Recently there was an incident via a so called #man_in_the_middle attack happened to an #XMPP #server.

To reduce the risk of such attacks in the future an early stage service called CertWatch has been published by our Community: https://certwatch.xmpp.net/

Many thanks to Stephen P. Weber (@singpolyma)!

Read two related blog posts:
http://blog.jmp.chat/b/certwatch/certwatch

https://snikket.org/blog/on-the-jabber-ru-mitm/

#Jabber #mitm #security #vulnerability #machine_in_the_middle #chat

Nicoco reshared this.

in reply to XSF: XMPP Standards Foundation

seems it does not follow cname? or it does not tell if domain is ok already?
in reply to XSF: XMPP Standards Foundation

An alternative form of MitM is Manipulator-in-the-middle.

I prefer it as it is (1) more accurate and (2) less focused on a gender („man“ being ambiguous in English here).

in reply to XSF: XMPP Standards Foundation

It throws a 504 error if your c2s ports aren’t open to all IP addresses. But once I relaxed my server’s firewall, it was fine.
in reply to XSF: XMPP Standards Foundation

#XMPP #CertWatch said that »[My] settings are correct and no MITM was detected.« That's great.
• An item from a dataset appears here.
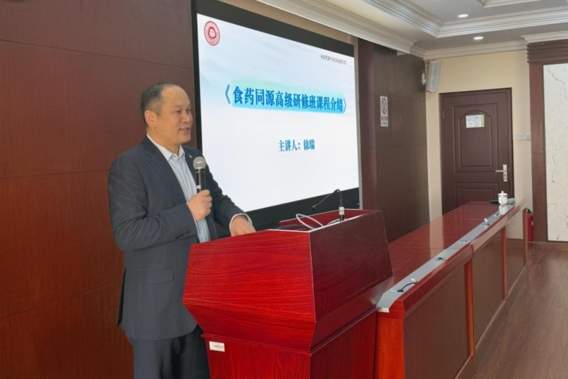 首都智库联合会大健康研究分会会长、食药同源高级研修班发起⼈之⼀徐瑞介绍食药同源高级研修班课程

It then continued with some #PubSub stuff and finally said »If you do not have a pubsub-capable client you can subscribe for text notifications by opening a chat with certwatch.xmpp.net and sending the message “subscribe <my xmpp server>”«.

My question is now: How do I open a chat with a hostname and not a JID?

My clients are #Gajim resp. #Conversations / #BlabberIM.

Anyone?

in reply to Klaus Alexander Seistrup

@kas exactly like you would open a chat with a contact. Or by clicking here: xmpp:certwatch.xmpp.net

Conversations shows a warning that this is a domain address but 'add anyway' works fine.